AI Resume Generator
An AI-powered resume optimization platform that generates targeted resume variations, evaluates them through six specialized AI agents, and compiles publication-ready PDFs via LaTeX.

The Problem
Writing a resume that lands interviews isn't about listing experience — it's about framing that experience to match what a specific company and role demands. Most job seekers send the same generic resume everywhere, missing critical keywords, misjudging tone, and failing ATS filters before a human ever reads it. Tailoring a resume manually for every application is effective but unsustainably time-consuming.
How It Works
Users start with a base resume containing their complete work history, skills, and projects. When targeting a specific position, they provide company and job details — or let the system scrape and research the company automatically via Tavily web search. The platform then analyzes the gap between the candidate's profile and the target role, and generates a tailored resume variation using GPT-4o with structured outputs via the Instructor framework.


Dashboard — overview of resumes, recent activity, and quick actions
The AI rewriting engine operates with strict constraints: it preserves all factual data — titles, dates, company names — while enhancing descriptions with power verbs, quantified impact metrics, and STAR-method framing. It injects relevant keywords from the job description and adapts tone based on detected company archetype: Enterprise/FinTech gets a 'Balanced Tech Lead' voice emphasizing reliability and governance, AI/Big Tech gets a 'Bold Innovator' tone highlighting research and vision, Startups get direct impact-driven language, and Creative companies get user-centric storytelling.


Global profile — base resume data shared across all variations


Profile detail — editing work experience, skills, and projects


Creating a new resume profile
Resume Generation & Variations
Each base resume can spawn multiple targeted variations — one per company or role. The platform tracks all generated versions with snapshots, letting users compare how the same experience is framed differently for different audiences.


Generated variations — multiple tailored versions from a single base resume


Viewing a specific resume variation with section-by-section content


Live PDF preview — LaTeX-compiled resume ready for download


Archived resumes — version history and past variations
Six-Agent Evaluation System
Every generated resume is evaluated by six specialized AI agents, each examining the document from a different professional perspective. An ATS Scanner checks keyword density and format compatibility. A Hiring Manager evaluates role fit and career trajectory. A Senior Engineer peer-reviews technical credibility. A Recruiter assesses first-impression quality. An HR Specialist checks for consistency and red flags. And a Visual Recruiter uses GPT-4o's vision capabilities to perform a 6-second visual scan of the rendered PDF — evaluating layout hierarchy, typography, and visual balance the way a real recruiter would.

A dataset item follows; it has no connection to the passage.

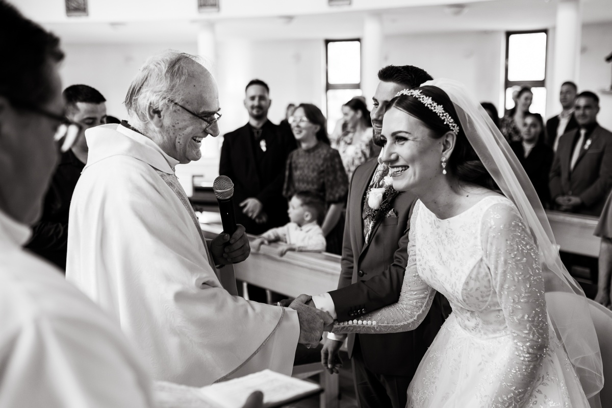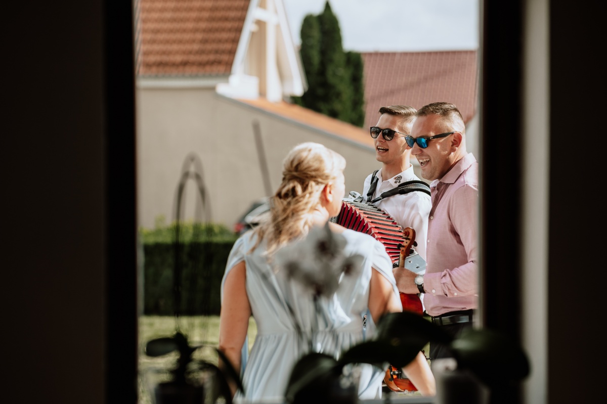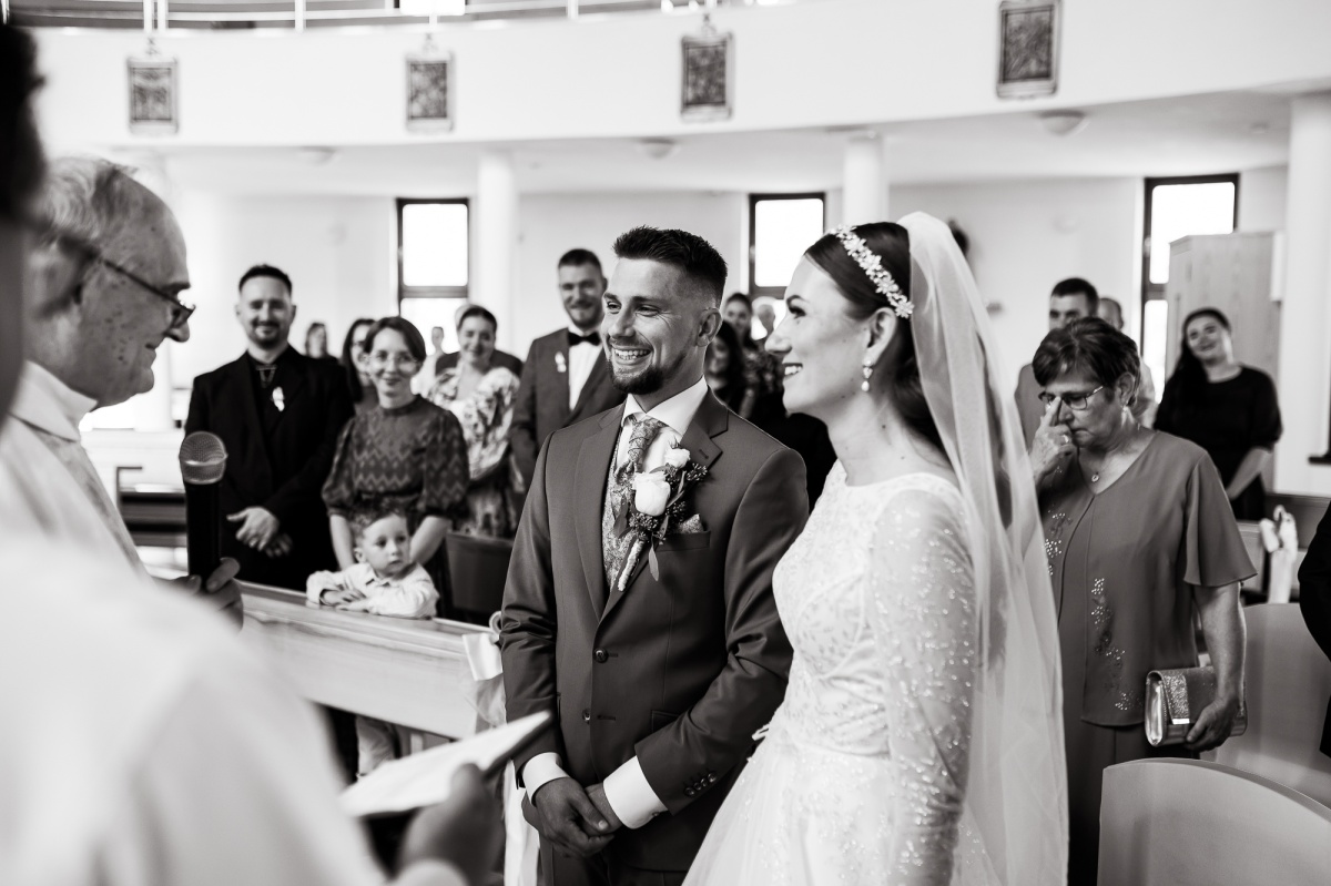 Počas svadby sa prirodzene začlenil medzi svadobných hostí a nerušene zachytával momenty nášho svadobneho dňa. Fotenie portrétov bolo uvoľnené, priateľské a máme z neho krásne spomienky.
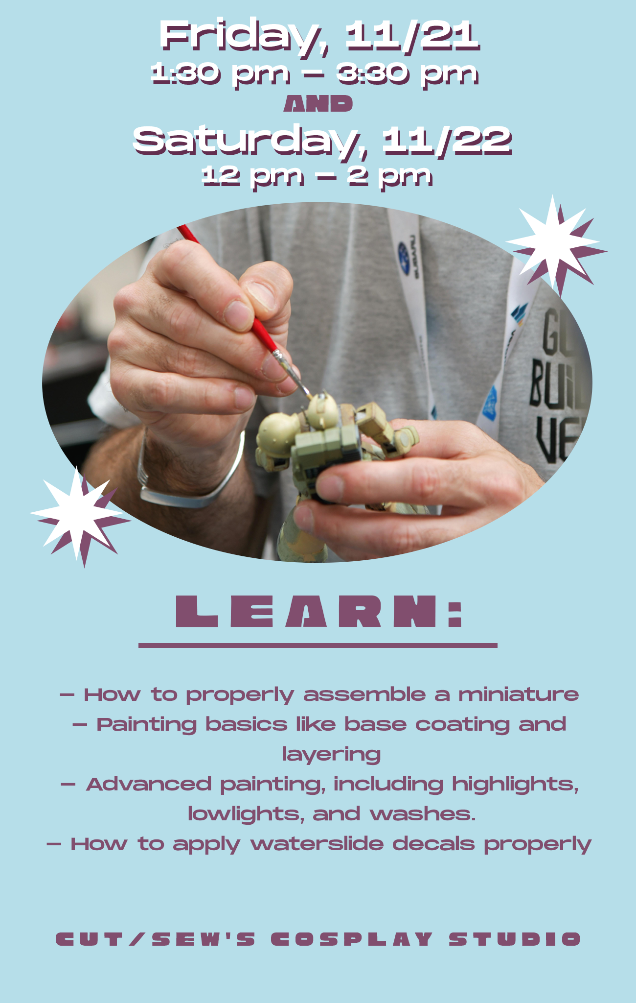 Take your tabletop minis to the next level! In this workshop you'll learn how to assemble and paint your very own miniature from start to finish, covering base coats, layers, highlights, washes, and waterslide decals. A wide selection of Army Painter's Fanatic paint line will be on hand to practice with, and students will also walk away with a custom hobby toolkit designed by your instructor, Snap Plastic Studios.

AI evaluation — six agents scoring the resume from different perspectives
Each agent produces a scored assessment with specific positives, negatives, and actionable suggestions. The resume is only marked 'ready' when all six agents score above 85. Users can then apply AI-powered fixes — either conservative edits that preserve the original structure or aggressive rewrites — and re-evaluate iteratively until every perspective is satisfied.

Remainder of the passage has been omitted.